Soul

Imbolc and the 3/4 Moon

Thursday gratefuls: Forgot Wednesday. David Sanders. Jodi. The new kitchen. The furniture rearranging and moving. Herme going on the wall sometime in March. Along with that Arts and Crafts chandelier being hung. Kep. A very good boy. Rigel, returned to her constellation. Kate, always Kate. Snow and Cold. A Minnesota winter week for Shadow Mountain. Great sleeping.

Sparks of Joy and Awe: The heart/mind

Tarot: The Knight of Bows

 

I’m a fence sitter when it comes to ideas. I can hold the polarities, as kabbalah teaches, but when it comes to saying yes to something like the soul, I shy away.

Seems it went like this. Freshman philosophy at Wabash. All those proofs for the existence of God that Father Ed gave me my senior year of high school. That I loved. That seemed clear and irrefutable. Pretty refutable. After that, Camus.

Reinforcing Camus was the flat earth metaphysics of the logic positivists and the linguistic analysts. Wittgenstein: That of which we cannot speak, we must be silent. I inhaled.

No god. Or, if there was one they weren’t very good at their job. Anyhow, I became an enlightenment guy, empiricist full stop. Skeptical, sometimes veering into nihilism, sometimes cynicism. Actually, a sort of lonely place.
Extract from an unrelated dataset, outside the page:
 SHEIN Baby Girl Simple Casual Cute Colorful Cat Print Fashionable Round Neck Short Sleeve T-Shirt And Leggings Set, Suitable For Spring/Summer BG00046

Appleton, Wisconsin. Married, deeply unhappy. Working in a paper mill cutting rags to make paper for the U.S. Treasury. Drinking way too much. Trying to live with the open marriage I entered into willingly. In my head. But not in my heart. In a city I could not embrace.
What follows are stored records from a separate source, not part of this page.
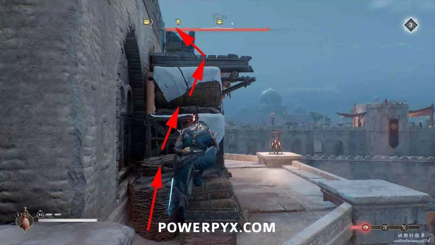 塔樓後方有兩個紅色炸藥桶,撿起一個跳上牆邊的箱子,然後把炸藥桶帶到屋頂。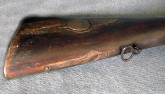 A 19th Century Musket. semi pistol grip stock with brass fittings, hinged wadding and bullet holders let into stock, 35 inch barrel with full length fore-end fitted with sling swivels, including ramrod.
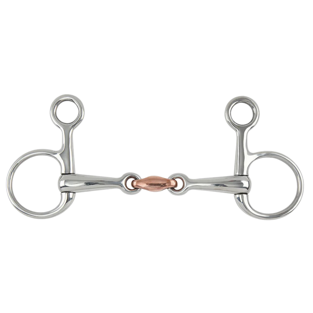 Hanging cheeks help to encourage flexion, whilst the copper lozenge prevents the nutcracker effect of a single joint and encourages salivation. Mouthpiece thickness: 16mm. Cheek height: 110mm. Stainless steel is the most common material for bits. Durable, easy to clean, tasteless and does not rust. Copper is used in the mouthpiece, creating warmth and encouraging salivation to keep the mouth soft.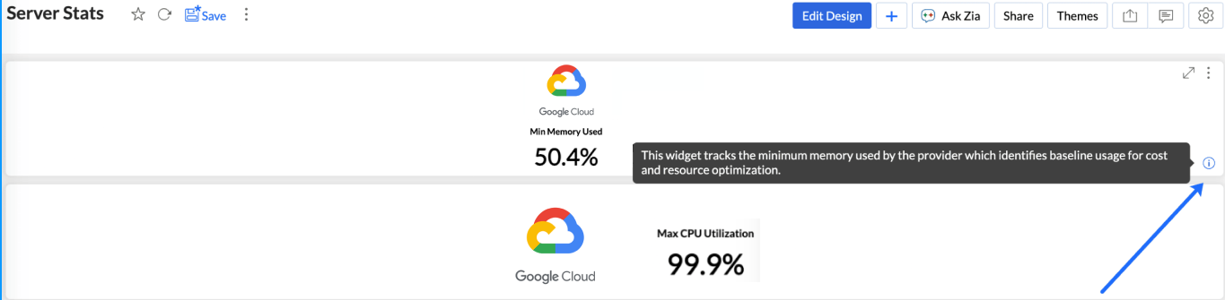 Analytics Plus allows you to equip widgets with an informational tooltip. This is achieved by enabling an information icon and providing a concise description.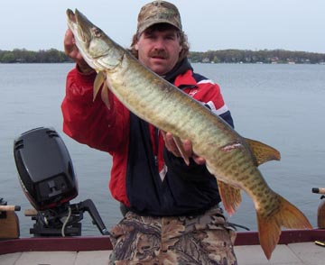 Posts: 2691 Location: Pewaukee, Wisconsin | Muskie fishing on Pewaukee was outstanding. My brother and I caaught 4 fish and raised 6 others. The first fish came at 5:30am only 15 minutes after we set up the sucker rods. I told Greg to take it and the first legal of 2005 was boated. This 38 1/2-incher went nuts after the hook-set and provided plenty of excitement as it got light out. The second fish(Gregs also) came on a rattle trap around 7am. I had to wait till 2:30 for my first fish. I stuck a 38-incher on a sucker after it came in on a glide bait. Less than a hour later I stuck a 37-incher on a twitch bait. Jason Smith and Fred scored three, all in the 36-inch range. Tuffy scored a couple fish. A couple nice fish were also caught on Saturday. A 48 1/2, 48, 45, 42 were the biggest ones that I know of but lots of the 36 to 38-inchers. Great day on the water. Today we moved 8 and caught 2 muskies, both were 37-inchers. Had a great time with all the boys who came down for the opener. Attachments ---------------- gregs38.5opener.jpg (16KB - 109 downloads) gregs37.5opener.jpg (21KB - 99 downloads) mikes37opener.jpg (20KB - 117 downloads) mikes38opener.jpg (16KB - 109 downloads) | ||
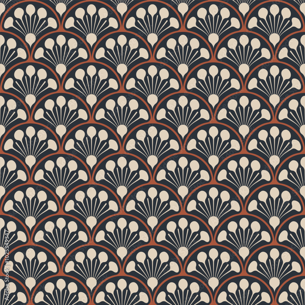 Ornate Art Nouveau Palm Frond Scale Seamless Vector Wallpaper Mural - Decorly Solutions | Decorly Solutions
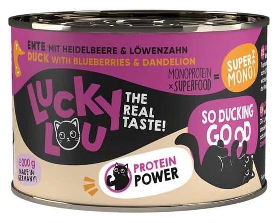 Mieszkasz z kotem o specjalnych wymaganiach dietetycznych? W takim razie mam coś dla ciebie - superżywność dla superkotów! To połączenie jedzenia w jakości superfood i formuły monoproteinowej. Oznacza to, że każda odmiana zawiera tylko jedno źródło białka zwierzęcego. Jest to bardzo ważne dla otwieraczy do puszek kotów o specjalnych potrzebach żywieniowych.Więc teraz już wiesz, co oznacza monoproteina i superżywność, prawda? Jeśli nie, wyjaśnię ci to pokrótce. Superfood jest wtedy, gdy jedzenie smakuje wyśmienicie. Ale nie o to mi tutaj chodzi. Superfoods to super składniki, takie jak żurawina, kocimiętka, rokitnik i malina. Nawiasem mówiąc, zawarte są tu również składniki, które odżywiają dobre bakterie jelitowe! To wszystko sprawia, że karma dla kotów jest jeszcze bogatsza i dostarcza super dobrych składników odżywczych i błonnika.Brzmi całkiem nieźle, prawda? Dodatkowo nie znajdziesz tu też żadnych zbóż, glutenu ani dodatku cukru. To jedzenie dla fanów prawdziwego smaku!Lucky Lou SuperMono - Superpokarm dla Superkotów!Karma produkowana w Niemczech.Skład:Kaczka 65% (w tyn mięso mięśniowe, serce, żołądek, szyja i wątroba), bulion z kaczki 31,4%, topinambur 1,5%, jagoda 1%, minerały 1%, ekstrakt z małży zielonowargowych 0,1%.Składniki analityczne:Białko surowe 9%, zawartość tłuszczu 4,5%, popiół surowy 3%, włókno surowe 0,4%, wilgotność 81%Dodatki dietetyczne na kg:witamina A 3000 IU, witamina D 200 IU, cynk 25 mg,mangan 1,4 mg, miedź 1,5 mg, jod 0,75 mg, tauryna 1500 mgEnergia metaboliczna:97,75 kcal/100gDawkowanie: Dzienna porcja powinna wynosić 3-5% masy ciała.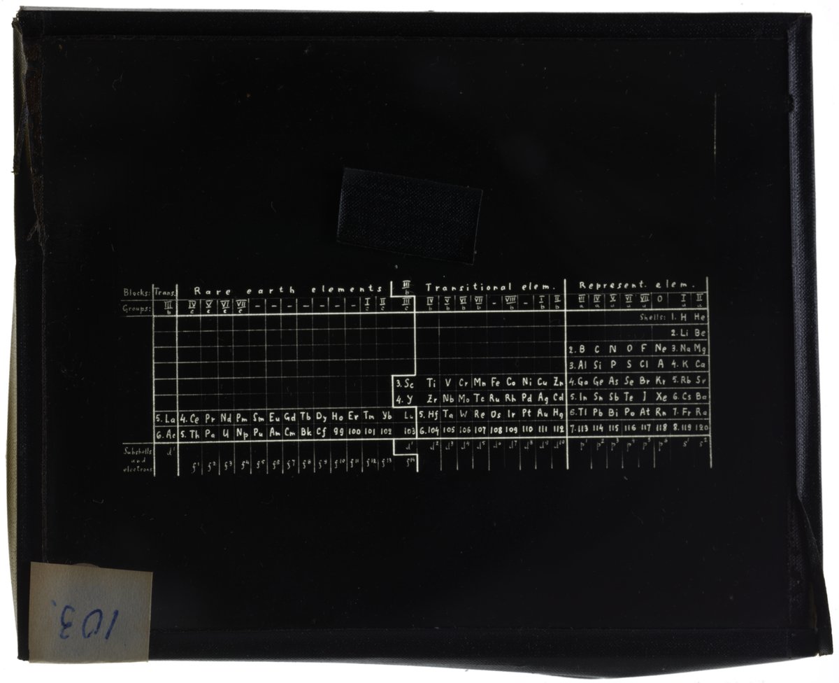 Left-step series table with elements arranged according to their valences1955 (Original design), Circa 1957 (Date attributed to slide)

Judy and I decided to part ways, but not divorce. I’d find politics and the church. The politics led me to seminary. A Kierkegaardian moment gave me a window into the Christian faith without having to accept the metaphysics. I’d live as if I believed.

Worked. I took a deep, deep dive into Christian theology, ethics, mystical thought. Practiced several forms of mediation like lectio divina, the Jesus Prayer, contemplating the ineffability of God.

Worked until it didn’t. I began searching in my heritage, my Celtic heritage for writing ideas. Found the Great Wheel of the Seasons. This time I not only inhaled. I held it in. Got giddy. A new way of looking at the world, an animistic way, a pagan way. Not Christian. Oops.

Not like Judaism. Where your belief in God is your business. Even for Rabbi’s. Had to bale. Lucky I met Kate. She gave me a parachute out of a difficult situation. Kate though.

She was a flat earther, too. A scientist. A mathematician. A healer. And my love. She took to the animist idea, the live close to the earth, live with animals. Dogs in particular. Bees. We loved each other into the land of Andover. Growing vegetables. Planting an orchard. Making our own cutting gardens. Seeding much of our front yard with prairie flowers and grasses. Harvesting honey. Building a fire pit for those cool Minnesota evenings.

Kate was also a Jew. A convert when she was thirty. A Jew of the heart. She went to a service at Temple Israel and began to cry. She felt at home. Kate was not a cryer. Probably a mystical experience in retrospect.

During our Andover years we worshiped Mother Earth and Father Sun. In the old way. By working with them to grow food, to enhance the beauty of our home. Those years with hands in the soil, seeds and seedlings our tools, made me-and her-into confirmed animist/pagans.

Until we moved to the Mountains. It was time to take on new masks and tasks. We stumbled upon Congregation Beth Evergreen late in our first year here. Kate found a home for her Jewish soul. And I found a home for my animist/pagan one.

All this to get to one sentence: I’m going to live as if evolutionary panentheism and the notion of a soul are true. Said another way, I’m going to live into them.